KAMPALA, UGANDA | THE INDEPENDENT | The Uganda Revenue Authority (URA) has surpassed its expected revenue collection for the first half of the financial year 2024/25 by 322 billion Shillings.
URA collected 15.2 billion between July and December 2024, surpassing its target of 14.9 billion Shillings.
“This 102.16 percent achievement rate is not just a testament to robust economic performance but a reflection of strategic administrative shifts and a client-centric approach to tax compliance,” said John Musinguzi, the URA commissioner general at a press briefing on Wednesday.
He adds that with a significant growth rate of 16.08 percent compared to the same period last financial year, URA’s achievements underscore the value of innovation and collaboration in overcoming systemic challenges.
According to Musinguzi, the highlight of the performance is not mainly about exceeding targets, but the solutions that made this possible and the lessons they offer for sustainable revenue growth.
In recent years, URA has faced persistent challenges, from tax evasion to compliance fatigue among taxpayers.
Musinguzi says URA’s embracing of technology has been a cornerstone to this achievement, “Introduction of prefilled tax returns for rental tax and local excise duty has simplified compliance, reducing both costs and turnaround times for taxpayers,” he stated. He said that expanding such digital systems across all tax categories could transform revenue collection.
Musinguzi also said that Uganda’s tax base had grown significantly, with 420,183 new taxpayers registered in the first half of FY 2024/25, bringing the total number of taxpayers to 4,881,983.
He attributed the growth to targeted initiatives aimed at enhancing compliance and simplifying tax processes.
“This growth, which yielded 59.01 billion shillings in revenue, was driven by the use of third-party data, simplified Tax Identification Number (TIN) acquisition, and intensified field operations.”

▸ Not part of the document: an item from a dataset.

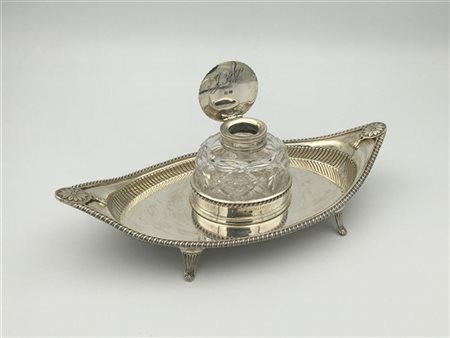 Calamaio a "barchetta" in argento con bordura cordonata cesellata a fiori, porta inchiostro in vetro. Marchi di Sheffield, 1900. Argentiere T.B & S (g netti 500)

He further stated that the authority envisions a future where URA integrates AI-powered systems to identify potential taxpayers in emerging sectors like e-commerce and gig work, and to him such tools could broaden the tax base even further, ensuring long-term revenue stability.
“Instead of relying solely on enforcement, URA has invested in taxpayer education and relationship building. Regular sensitization campaigns, targeted sectoral consultations, and deliberate compliance engagements have shifted the perception of tax collection from a punitive process to a collaborative effort,” he said.
He also said that introducing reward programs for timely compliance or gamifying tax filing could further enhance taxpayer cooperation, creating a culture of voluntary compliance.
Musinguzi also noted that the URA is targeting 16.4 billion Shillings in revenue collection for the second half of 2024/25, representing 52 percent of the annual target to achieve the target, URA will strengthen taxpayer relationships, build trust through continuous education, simplified processes, and transparent systems and addressing integrity issues within URA’s staff and tax agents to maintain public trust.
Others include strengthening border management systems and intensifying enforcement to optimize international trade revenue.
Musinguzi also said that in a bid to meet the annual target, there is a need to work together with the government, the private sector, and civil society to foster a culture of compliance and patriotism.